Il periodo inaugurato dalla Rivoluzione francese - scrive Fukuyama - ha visto lo sviluppo di diverse dottrine che si riproponevano di vincere i limiti della natura umana creando un nuovo tipo di essere non sottomesso ai pregiudizi e alle limitazioni del passato. Il fallimento di queste esperienze alla fine del XX secolo ci ha dimostrato i limiti del costruttivismo sociale confermando all’opposto un ordine liberale fondato sul mercato, stabilito su verità manifeste che si richiamano “alla Natura e al dio della Natura”. Ma potrebbe darsi che gli strumenti dei costruzionisti sociali del secolo, dalla socializzazione in tenera età fino all’agit-prop e ai campi di lavoro passando per la psicanalisi, siano stati troppo grossolani per modificare nel profondo il substrato naturale del comportamento umano?
Questa evidente rusticità dei mezzi messi in atto dalle società totalitarie non deve quindi più indurre i liberali a contestare la razionalità del progetto “costruttivista” in sé. Nella nuova ottica l’unico problema che si pone è sapere in che misura il liberalismo completamentesviluppato potrebbe riprendere in mano questo progetto storico su basi finalmente realistiche ed efficienti. Su questo punto l’ottimismo di Fukuyama è palesemente assoluto:
Il carattere aperto delle scienze contemporanee della natura ci consente di supporre che, da qui alle prossime due generazioni, le biotecnologie ci forniranno gli strumenti che ci consentiranno di compiere ciò che gli specialisti di ingegneria sociale non sono riusciti a fare.A quello stadio avremo definitivamente concluso con la storia umana perché avremo abolito gli esseri umani in quanto tali. Inizierà allora una nuova storia, al di là dell’umano.10
E' possibile che questa precipitazione liberale a liquidare l’uomo comune urti tutti coloro che si sentono ancora legati alla vecchia umanità da un attaccamento irrazionale.
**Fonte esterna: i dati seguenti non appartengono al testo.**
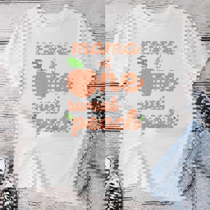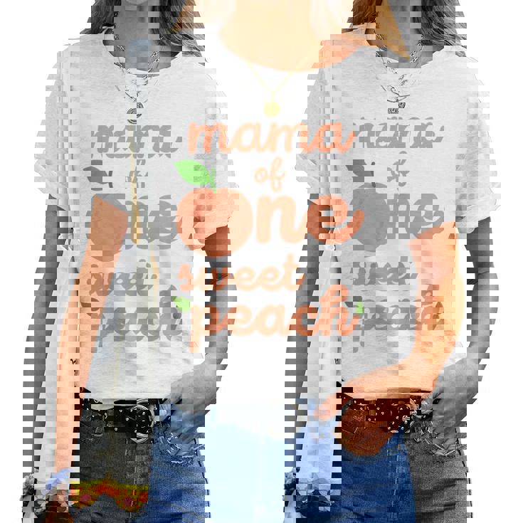 Mama Mom First Birthday One Sweet Peach Bday Family Matching Women T-shirt
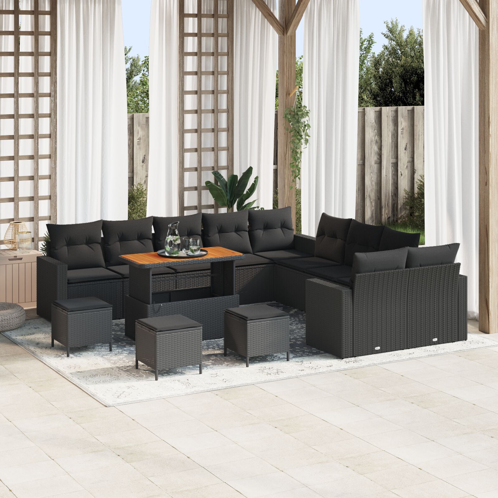 Set de canapea de grădină 14 piese cu perne negru poliratan acacia, Set de dining de grădină 4 piese cu perne negru poliratan acacia GartenMobel Dekor
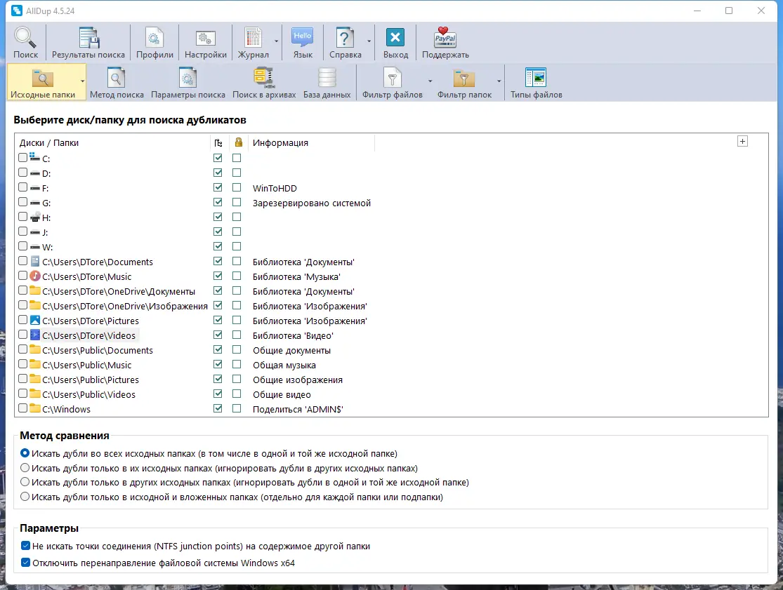 - Поддержка поиска дубликатов на нескольких дисках и в заданных папках одновременно.
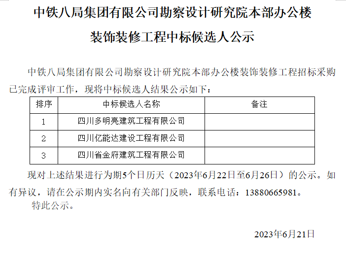 中铁八局集团有限公司勘察设计研究院本部办公楼装饰装修工程中标候选人公示
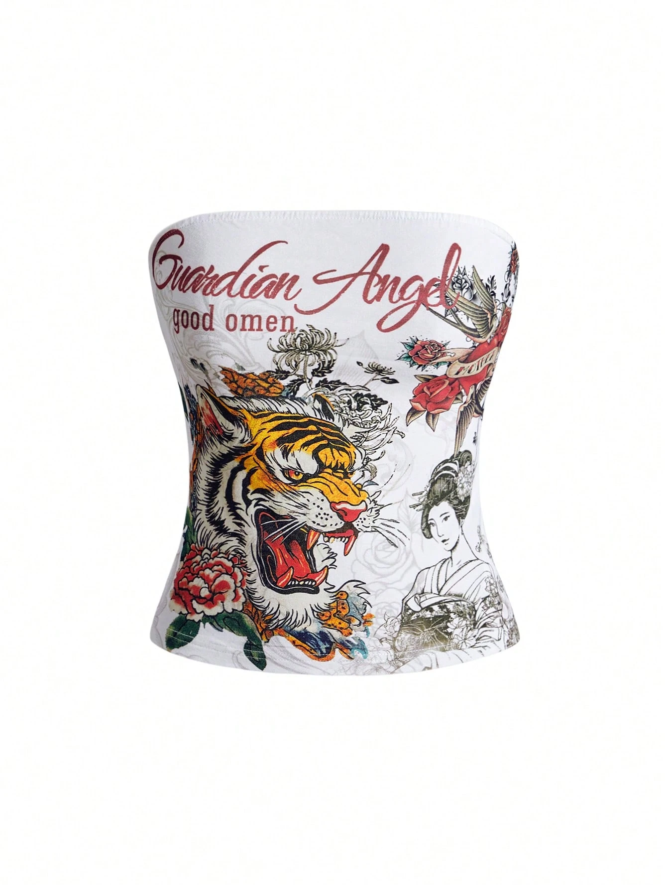 Grunge Punk Spring/Summer Casual Graphic White Y2K Retro Tiger Vine Faux Tattoo Print Tight Crop Top
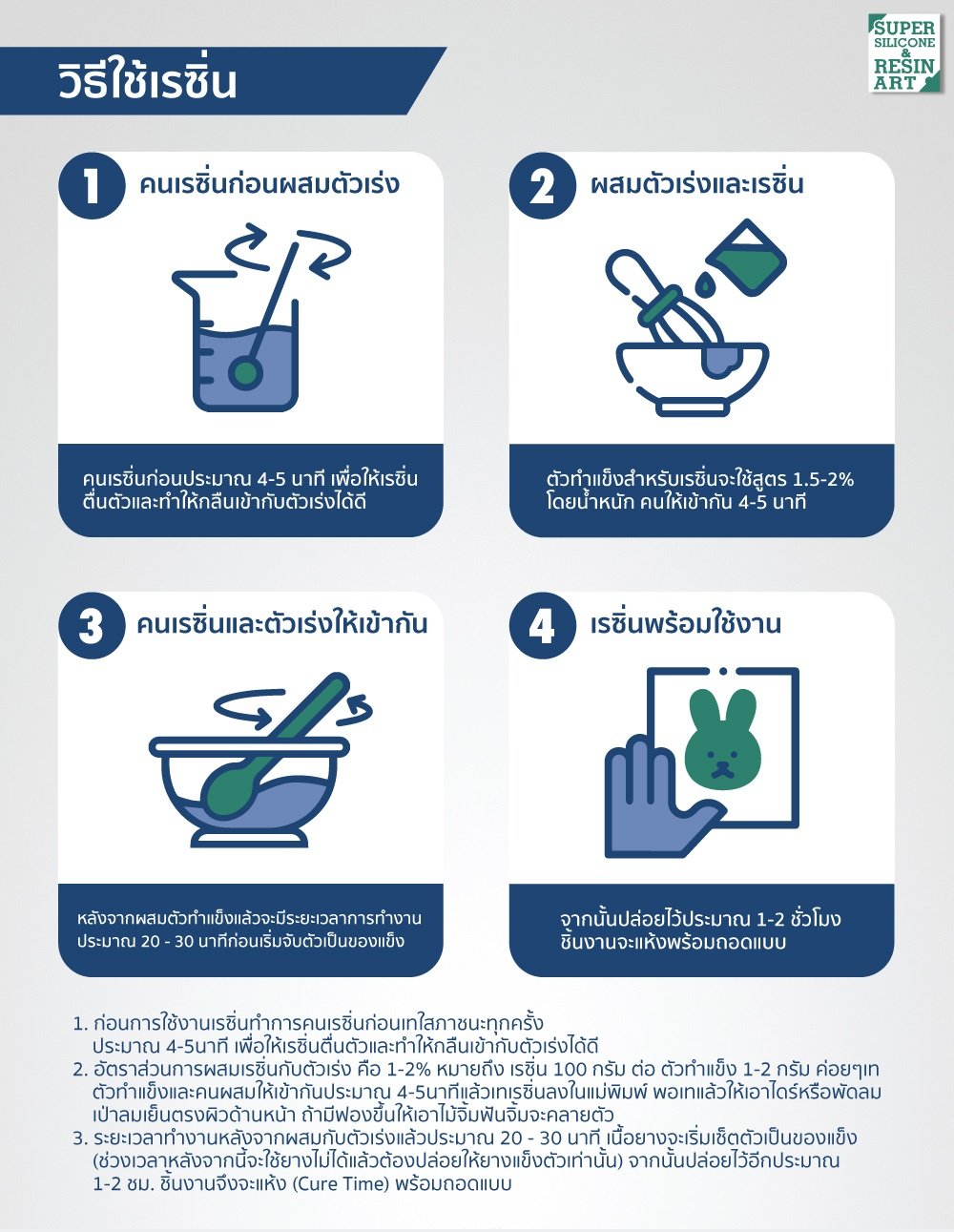 ซึ่งขั้นตอนนี้มีความสำคัญมาก เพราะถ้าทำไม่ถูกต้องก็จะทำให้คุณไม่ได้ผลิตภัณฑ์เรซิ่นตามที่ต้องการ หรือพอได้มาแล้วผลิตภัณฑ์และชิ้นงานไม่คงทน
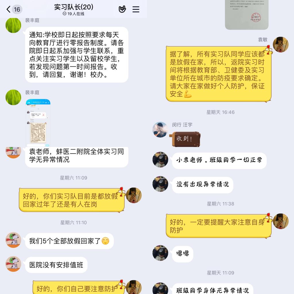 学生年级立即通过电话和QQ将文件精神进行传达并布署,了解所有实习同学的在岗情况,在稳定思想的同时叮嘱全体同学要提高防范意识,做好科学防护,保证充足睡眠。春节期间做到不聚餐、不串门、出行戴口罩。

Ma se la mutazione antropologica auspicata da Fukuyama è davvero ineluttabile e imminente (e a sentir lui dovrebbe esserlo, dal momento che «è la scienza che conduce il processo storico» e «siamo solo all’inizio di una nuova esplosione dell’innovazione tecnologica nelle scienze della vita e nelle biotecnologie»), allora dobbiamo riconoscere che il liberalismo costituisce l’enigma risolto della Storia e che è ormai in grado di fornire agli uomini (o perlomeno a quelli che vivranno dopo di loro) le condizioni di una sintesi inattesa tra il Futuro radioso e i calcoli glaciali del “realismo politico”. È dunque in questo punto preciso che la Storia finisce e che l’umanità deve scendere. Lo sviluppo logico dell' impero del male minore trova la propria verità ultima nel Brave New World, attualmente cantato all’unisono dall’industria della pubblicità, del divertimento e dell’“informazione quotidiana”.
Non è difficile immaginare lo sbalordimento di un Adam Smith o di un Benjamin Constant dinanzi a una tale conclusione filosofica. Ma dopotutto tale sbalordimento non è molto diverso da quello che avrebbe sicuramente provato Gorgia nell’incon-trare Callide, il suo figlio spirituale più ingegnoso11. Con la sola differenza che Callide doveva la propria esistenza filosofica unicamente al potere logico di Platone, mentre Fukuyama e le sue migliaia di cloni ideologici sono attualmente al comando del mondo in cui viviamo.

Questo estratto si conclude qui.